= Beginning of Section =
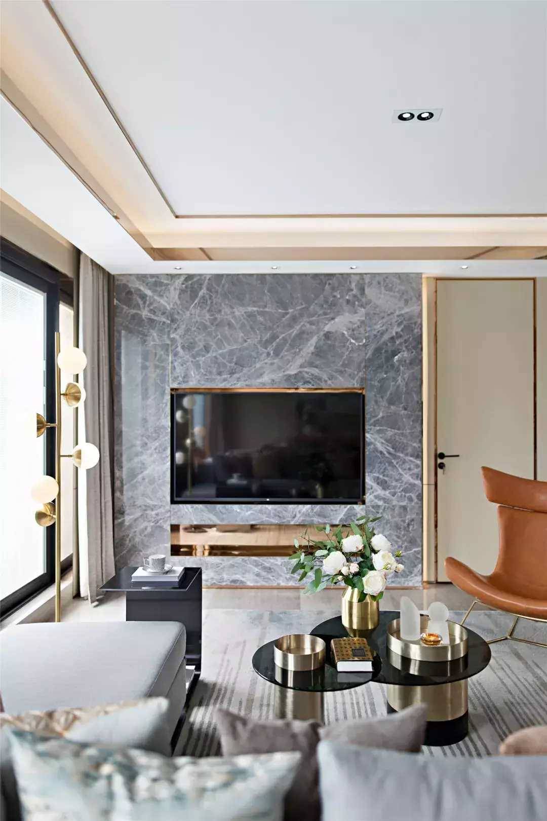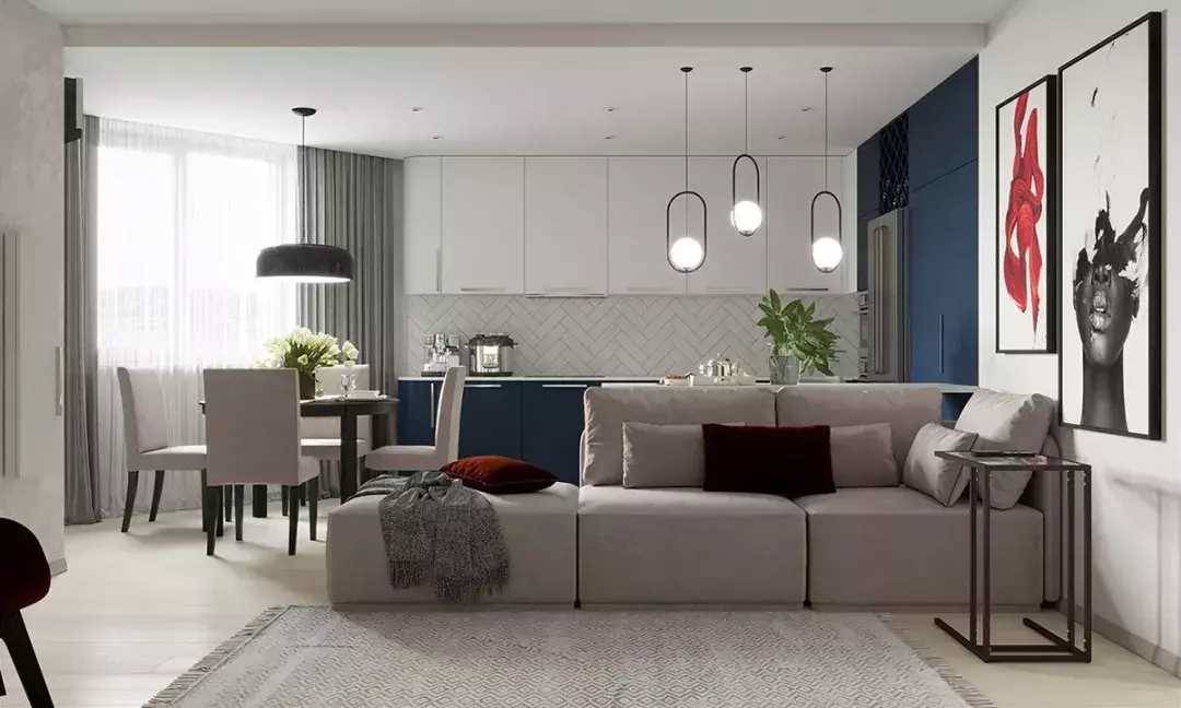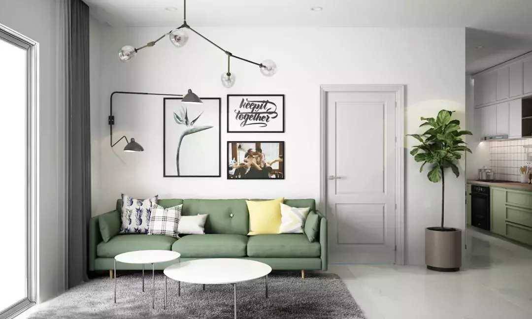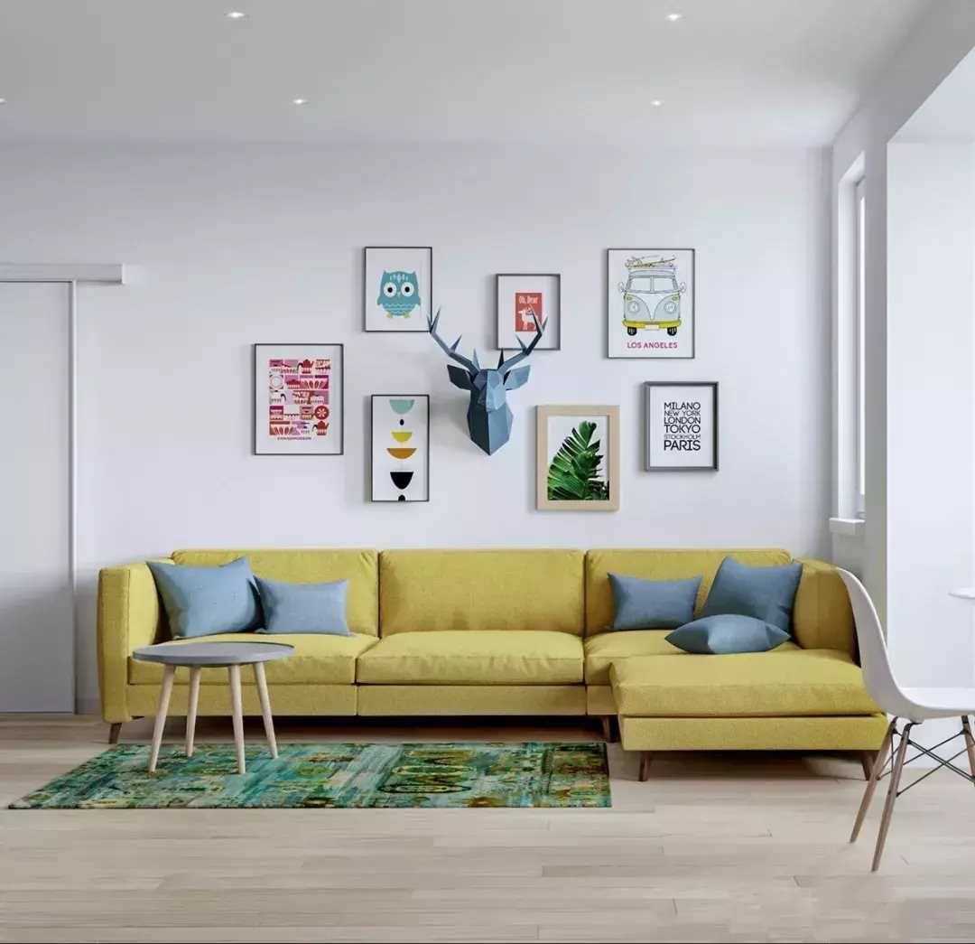 所以如果空間不大,建議使用「一字型」沙發+座椅的形式,空間看起來要通透、寬敞一點↓↓↓
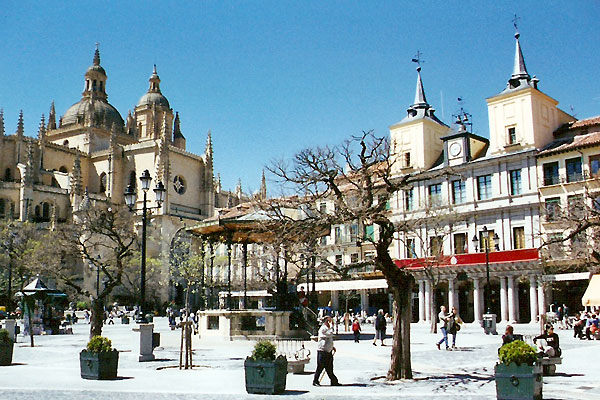 Segovia is a small city northwest of Madrid. I reached it via a two hour train journey from Madrid-Chamartin. The day started badly when I misjudged how long it would take to reach Chamartin from my hostal, and arrived at the station only in time to give a two-fingered wave goodbye to my intended train. A warm, sunny day, ideal for a day trip out of the capital, and I have to wait two hours for the next train.
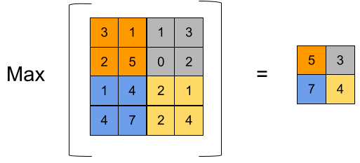 또 하나의 특징맵을 만들어내는 과정을 말한다. 위 그림에서는 2x2 구간마다의 최대값을 뽑아내는
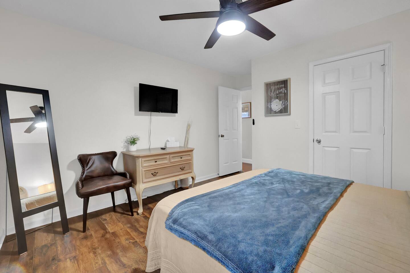 In our home, guests will enjoy a beautifully renovated space featuring 3 bedrooms, including 1 king bed, 2 queen beds there is a cozy living room with a sofa bed, for extra guests. A fireplace, a large smart TV, and plenty of seating, perfect for relaxing or enjoying board and card games with loved ones. The master bedroom offers a private en-suite bathroom and a walk-in closet for added comfort. You’re welcome to use the grill for free but please clean after your use, a fee of $20 will be added otherwise. Enjoy a cup of coffee or your favorite beverages on the lovely back porch where you can listen to the birds chirping. Please remember this is our house that we care about and love so much! So please treat the space with respect, love, and kindness by keeping the space clean before you leave (respect our properties in the house). We really appreciate your understanding and cooperation in advance. Have a nice trip and enjoy your stay! I’m
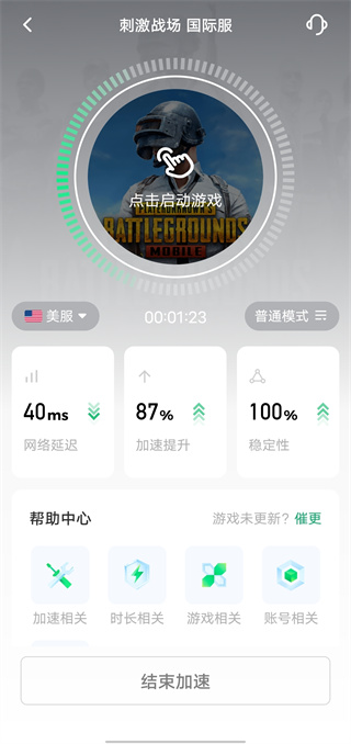 2、点击开启加速,等待加速成功后,会自动启动绝地求生手游国际服。
= End of Section =
Find the line with "Segovia is a" in the data above, and from there retype each line exactly through the line with "또 하나의 특징맵을 만들어내는", skipping the pictures along the way.

 Segovia is a small city northwest of Madrid. I reached it via a two hour train journey from Madrid-Chamartin. The day started badly when I misjudged how long it would take to reach Chamartin from my hostal, and arrived at the station only in time to give a two-fingered wave goodbye to my intended train. A warm, sunny day, ideal for a day trip out of the capital, and I have to wait two hours for the next train.
 또 하나의 특징맵을 만들어내는 과정을 말한다. 위 그림에서는 2x2 구간마다의 최대값을 뽑아내는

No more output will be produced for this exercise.